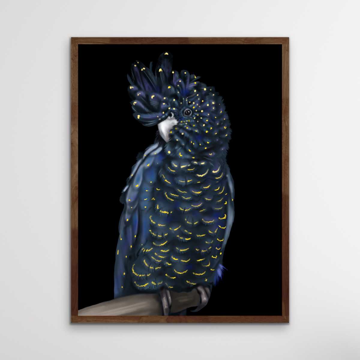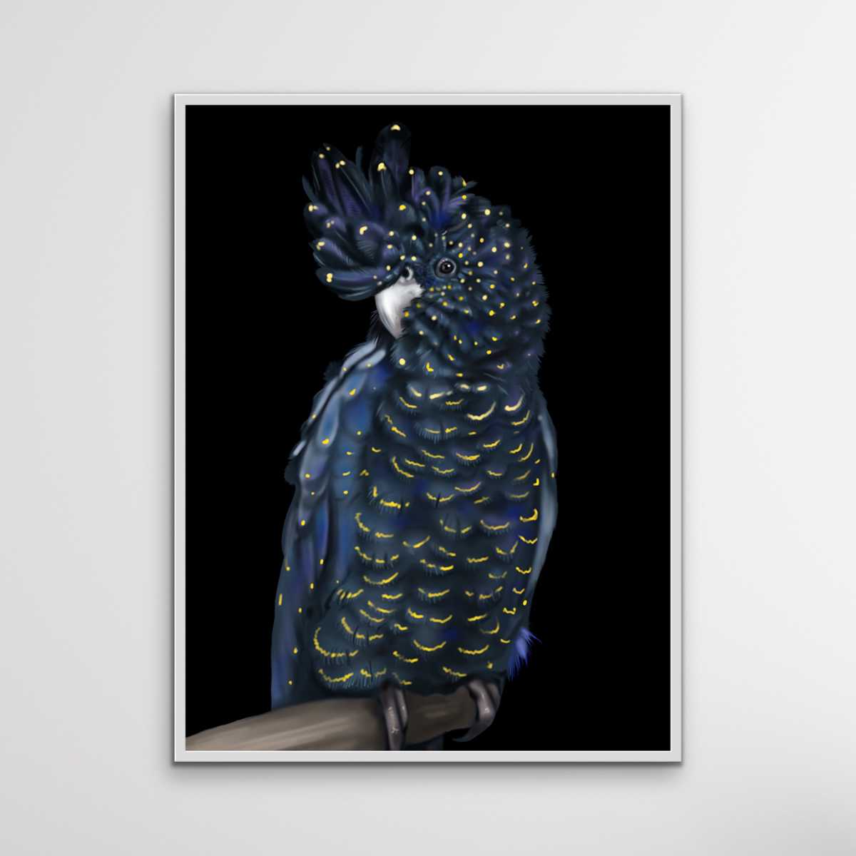 Black Cockatoo is a much-loved piece from our black cockatoo collection. This gorgeous bird has been painted with some yellow against a black background.
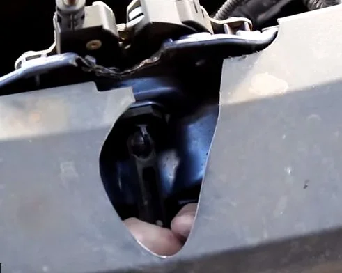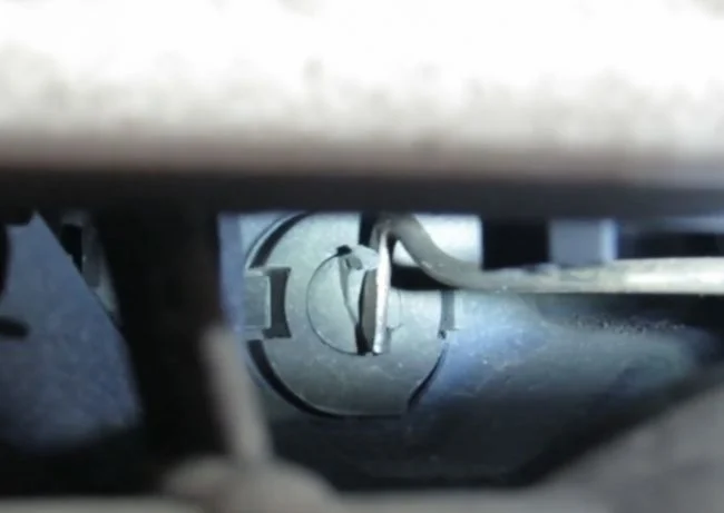 Если тяга слетела с личинки замка, то сняв защиту мотора снизу, можно добраться до тяги снизу вверх рукой. Можно проворачивать, а можно выдернуть тягу из замка и использовать способ с отвёрткой.
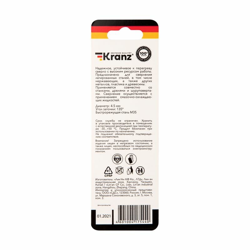 СохранитьСверло по металлу KRANZ 4,5 мм, с добавлением кобальта повышенной прочности, стандарт качества DIN 338 интересное:
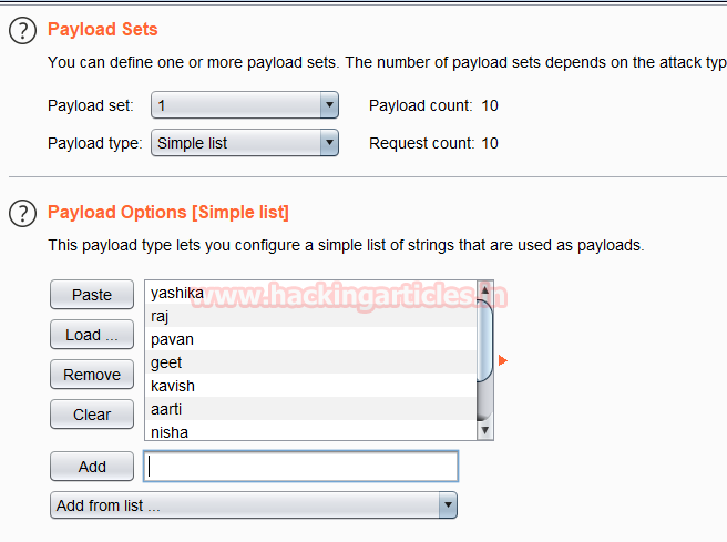 Now onto the Payload tab. Here we will be providing the payload options or the usernames that we are putting in the dictionary in the previous attacks. We can directly paste it from the dictionary or add the usernames one by one by typing them in the dialog box and clicking on the Add button.
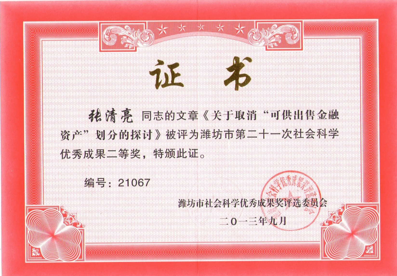 此外还积极参加各级教学技能大赛及科研成果大赛,取得了优异成绩。在首届山东省高等学校教师微课教学比赛中获二等奖,课件《存货计价方法》获第二届全国高职高专工商管理类教学课件大赛三等奖,多篇论文获潍坊市社会科学优秀成果二等奖和三等奖;指导学生参加全国证券投资模拟实训大赛获一等奖、二等奖、三等奖各1项。
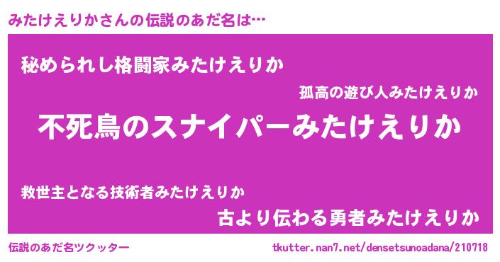 | ヒーロー風カッコイイあだ名 | 『スーパーミタケエリカ』『仮面ミタダー』 |
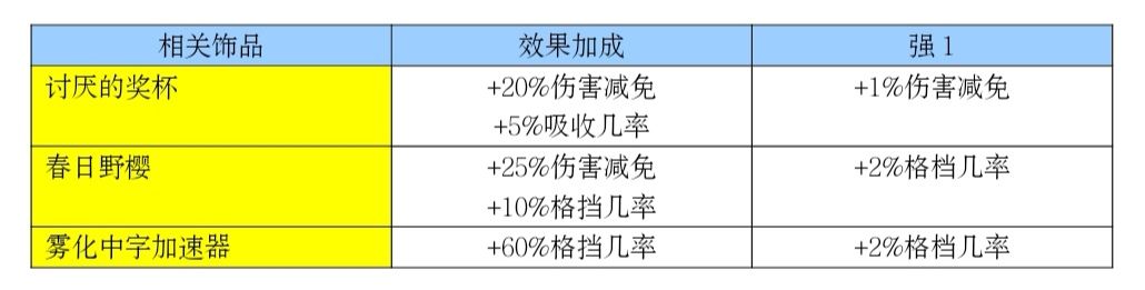 一些叠伤害减免的饰品,如“讨厌的奖杯”,在触发吸收上恰好能够弥补不足,可以用所吸收的伤害来扺消所受到的有伤害加成部分的伤害。

Exercise brief | Without including any pictures, reproduce the listing exactly.

Answer to the exercise |
 Black Cockatoo is a much-loved piece from our black cockatoo collection. This gorgeous bird has been painted with some yellow against a black background.
 Если тяга слетела с личинки замка, то сняв защиту мотора снизу, можно добраться до тяги снизу вверх рукой. Можно проворачивать, а можно выдернуть тягу из замка и использовать способ с отвёрткой.
 СохранитьСверло по металлу KRANZ 4,5 мм, с добавлением кобальта повышенной прочности, стандарт качества DIN 338 интересное:
 Now onto the Payload tab. Here we will be providing the payload options or the usernames that we are putting in the dictionary in the previous attacks. We can directly paste it from the dictionary or add the usernames one by one by typing them in the dialog box and clicking on the Add button.
 此外还积极参加各级教学技能大赛及科研成果大赛,取得了优异成绩。在首届山东省高等学校教师微课教学比赛中获二等奖,课件《存货计价方法》获第二届全国高职高专工商管理类教学课件大赛三等奖,多篇论文获潍坊市社会科学优秀成果二等奖和三等奖;指导学生参加全国证券投资模拟实训大赛获一等奖、二等奖、三等奖各1项。
 | ヒーロー風カッコイイあだ名 | 『スーパーミタケエリカ』『仮面ミタダー』 |
 一些叠伤害减免的饰品,如“讨厌的奖杯”,在触发吸收上恰好能够弥补不足,可以用所吸收的伤害来扺消所受到的有伤害加成部分的伤害。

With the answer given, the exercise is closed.